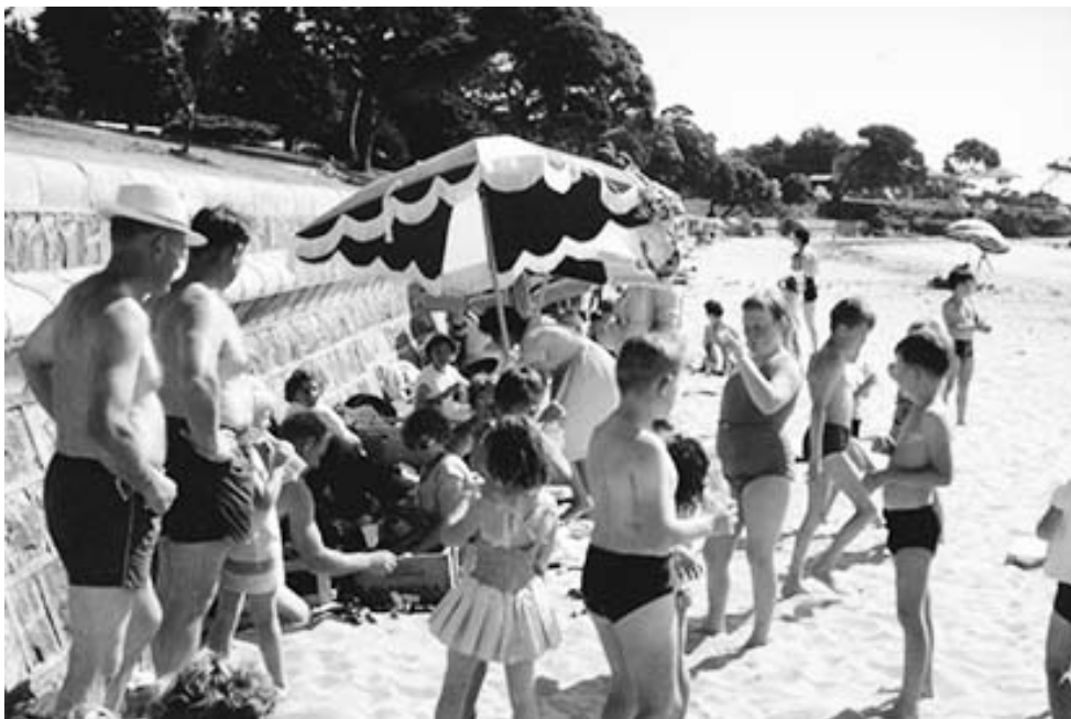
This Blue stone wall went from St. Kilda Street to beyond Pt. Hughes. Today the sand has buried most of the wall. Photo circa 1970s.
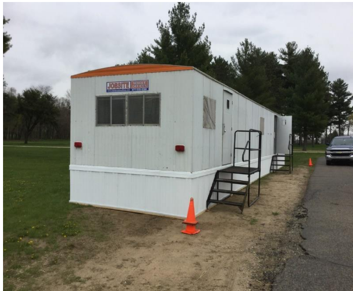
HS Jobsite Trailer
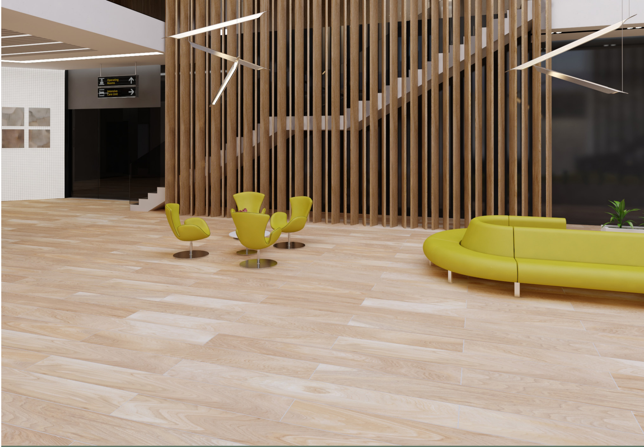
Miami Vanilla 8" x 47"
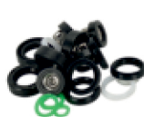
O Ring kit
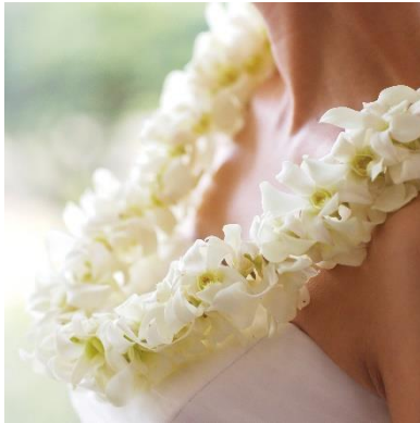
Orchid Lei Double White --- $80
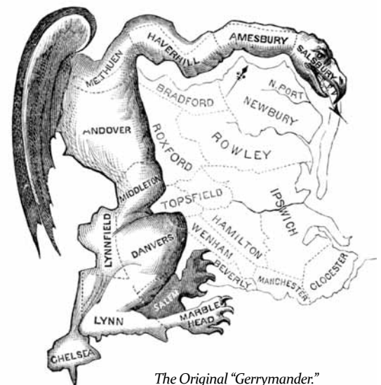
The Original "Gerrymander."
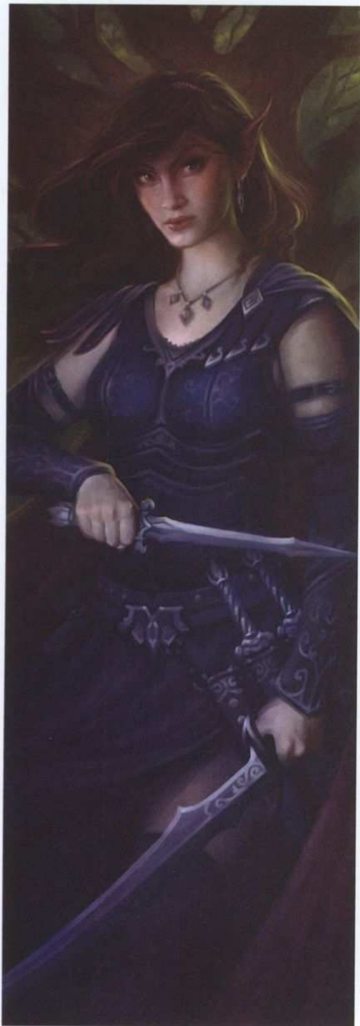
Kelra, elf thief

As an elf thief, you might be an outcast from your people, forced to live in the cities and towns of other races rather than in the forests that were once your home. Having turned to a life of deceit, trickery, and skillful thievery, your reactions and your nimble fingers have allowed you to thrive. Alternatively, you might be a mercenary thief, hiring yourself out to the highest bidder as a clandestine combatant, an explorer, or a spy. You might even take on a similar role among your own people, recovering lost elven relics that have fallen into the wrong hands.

=== Instructions to follow ===
Copy needed, without pictures: the lines of the listing above from the line containing "HS Jobsite Trailer" up to and including the line containing "Kelra, elf thief", set down exactly.

=== Problem solution ===
HS Jobsite Trailer
Miami Vanilla 8" x 47"
O Ring kit
Orchid Lei Double White --- $80
The Original "Gerrymander."
Kelra, elf thief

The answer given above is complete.